Interesting with a strong character driving from the front
28 May 2002 | by bob the mooSee all my reviews

In Russian the bodies of children begin to get uncovered to reveal what appears to be a Russian serial killer. Due to the nature of the case it is given to a young forensics expert who will be blamed should the case fail. Over 8 years Burakov hunts the killer using methods that are seen as unusual at best and fighting with the internal politics that surround him. This is based on a true story.

HBO TV movies are often a mixed bunch – but I had heard good things about this. The story is immediately engaging as young faces are uncovered beneath shallow soil graves to horrible effect. The fact that it at heart, a true story makes it all the more compelling. The story mixes not only the hunt for this man but also the effect on the perserving Burakov. We see his desperation and the pressure he is under to catch the killer, in particular the political forces who do little to help him in his job. The focus on Burakov makes it more interesting as the human side is well done.

The facts of the case make the man hunt less interesting – however the political action is interesting. For example members of the communist party were not looked at and homosexuals in particular were targeted – often as a fall back method.

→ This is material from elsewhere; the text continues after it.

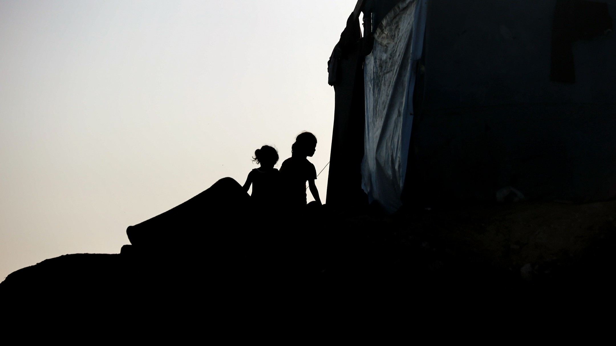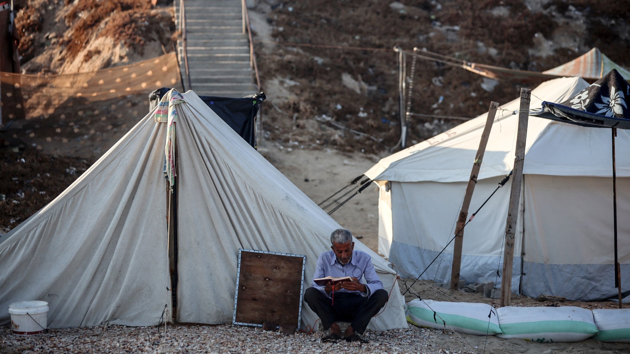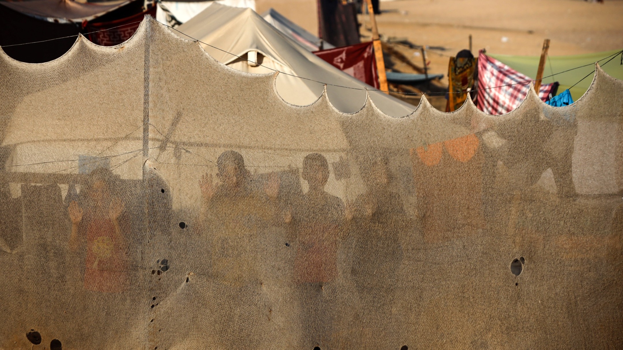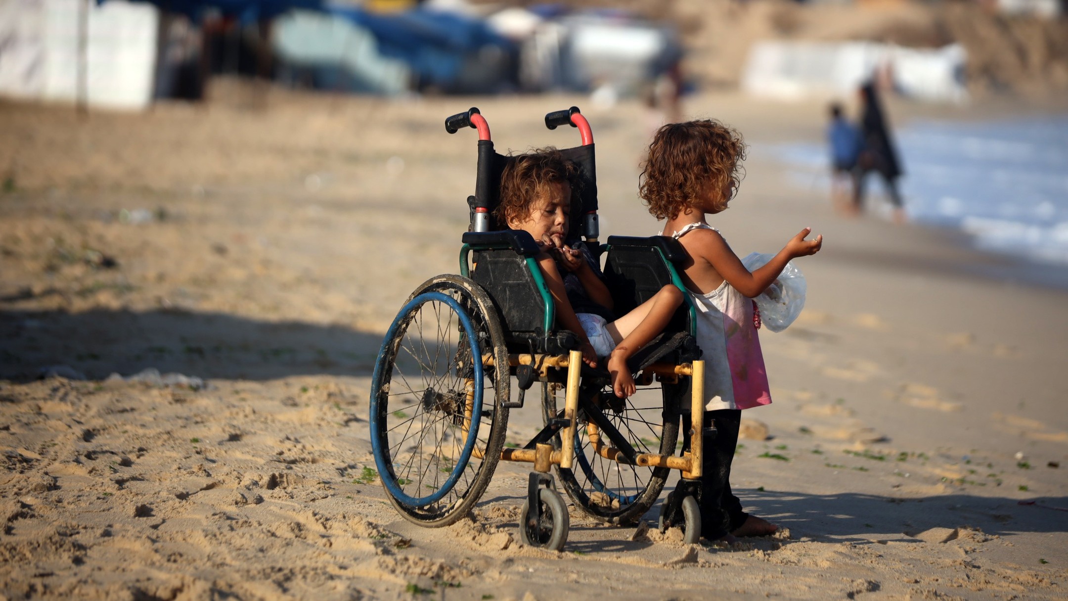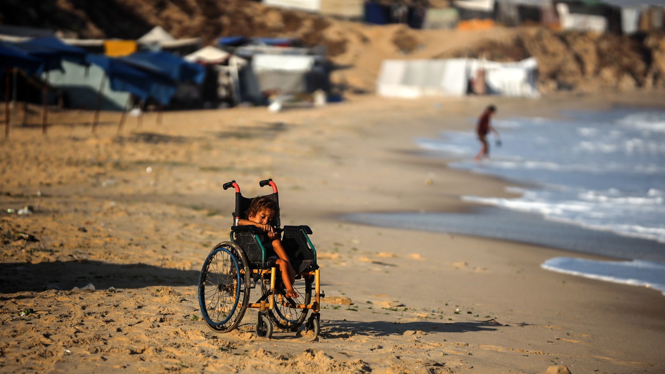 Displaced Palestinians are seen on the beach photo by majdi fathi

It's one of the best repeated shots in the film where Burakov has to several time accompay a group of men to kick in doors and arrest homosexuals – he simply stays outside with a resigned look on his face.

Rea is excellent as Burakov and brings the man to life – I'm not sure how true to fact his portrayal is, but you get the impression of a man pushed to his limits by all around him. Sutherland is also very good for different reasons – he has the same passion but it is beneath a smooth political operator. Ackland is good but is really only there to make noise. Von Sydow is good despite his short screen time.

Overall this uses human interest to drive the film, rather than gore or violence. This is well made and manages to be interesting and involving despite not being flashy.